作为对比，考虑执行以下代码而不使用自定义缓存：

import dspy
import os
import time

os.environ["OPENAI_API_KEY"] = "{your_openai_key}"

dspy.settings.configure(lm=dspy.LM("openai/gpt-4o-mini"))

predict = dspy.Predict("question->answer")

start = time.time()
result1 = predict(question="Who is the GOAT of soccer?")
print(f"Time elapse: {time.time() - start: 2f}")

start = time.time()
with dspy.context(lm=dspy.LM("openai/gpt-4.1-mini")):
    result2 = predict(question="Who is the GOAT of soccer?")
print(f"Time elapse: {time.time() - start: 2f}")

经过的时间将表明第二次调用未命中缓存。但是，当使用自定义缓存时：

import dspy
import os
import time
from typing import Dict, Any, Optional
import ujson
from hashlib import sha256

os.environ["OPENAI_API_KEY"] = "{your_openai_key}"

dspy.settings.configure(lm=dspy.LM("openai/gpt-4o-mini"))

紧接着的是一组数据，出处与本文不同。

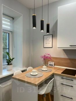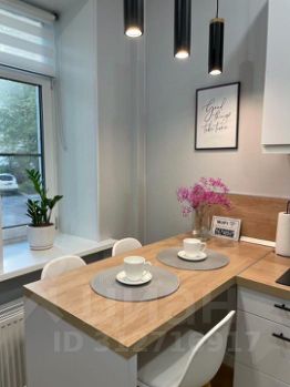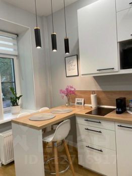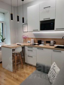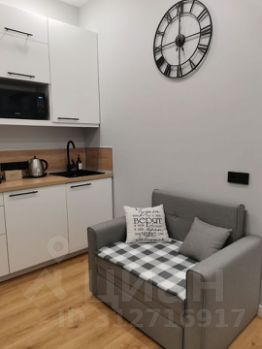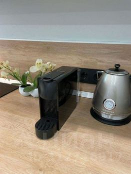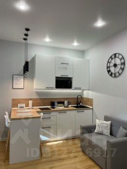 В студии дизайнерский ремонт и есть все необходимое для комфортного проживания. Кухня, укомплектована всем необходимым: плита, холодильник, кофемашина, посуда, микроволновка.
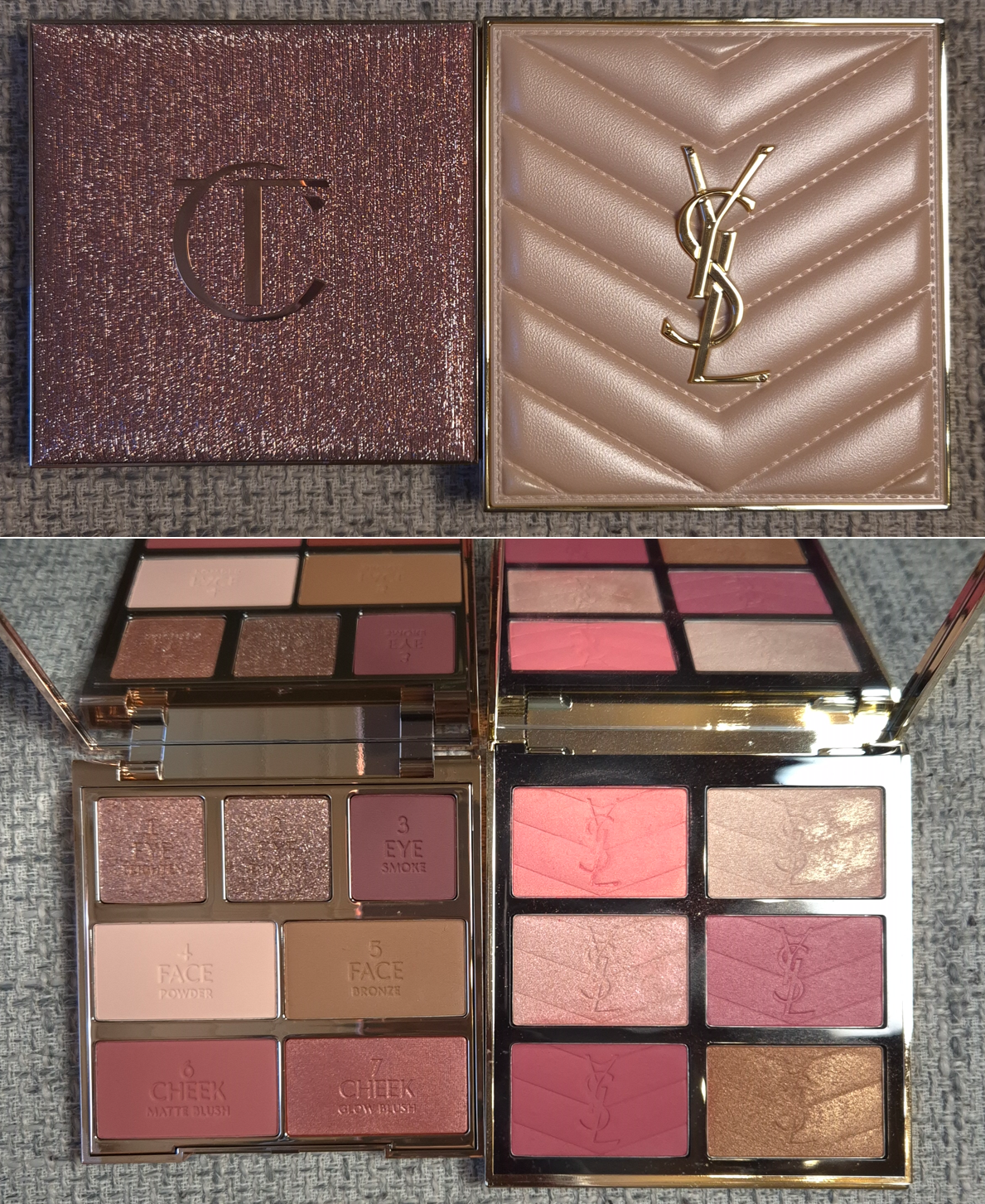 The YSL All Hours Couture Palette in Golden Oasis still feels new to me, so it’s natural to want to compare these two products. In USD, YSL’s face palette contains three blushes and three highlighters for $85. Charlotte’s face palette contains three eyeshadows, two blushes, one face powder and one bronzer for $69. The differences in Germany were much smaller as it’s €72 for YSL and €69 for the Charlotte Tilbury palette. I essentially liked half of the YSL palette, but would only really use two blushes (and I already owned one of those two). With the Charlotte Tilbury palette, I can use everything in multiple ways and I like all of the shades. I can finish a good portion of my makeup by whipping out this single palette. I like it more than the YSL and more than the Nars Hot Escape Cheek Palette. I still stand by my thoughts that the ones from YSL and Nars could be good in particular circumstances, and what I actually paid for them was a pretty good deal. This one just turned out to be even better.

class CustomCache(dspy.clients.Cache):

    def cache_key(self, request: dict[str, Any], ignored_args_for_cache_key: Optional[list[str]] = None) -> str:
        messages = request.get("messages", [])
        return sha256(ujson.dumps(messages, sort_keys=True).encode()).hexdigest()

dspy.cache = CustomCache(enable_disk_cache=True, enable_memory_cache=True, disk_cache_dir=dspy.clients.DISK_CACHE_DIR)

predict = dspy.Predict("question->answer")

start = time.time()
result1 = predict(question="Who is the GOAT of volleyball?")
print(f"Time elapse: {time.time() - start: 2f}")

start = time.time()
with dspy.context(lm=dspy.LM("openai/gpt-4.1-mini")):
    result2 = predict(question="Who is the GOAT of volleyball?")
print(f"Time elapse: {time.time() - start: 2f}")

你会观察到第二次调用时缓存被命中，这展示了自定义缓存键逻辑的效果。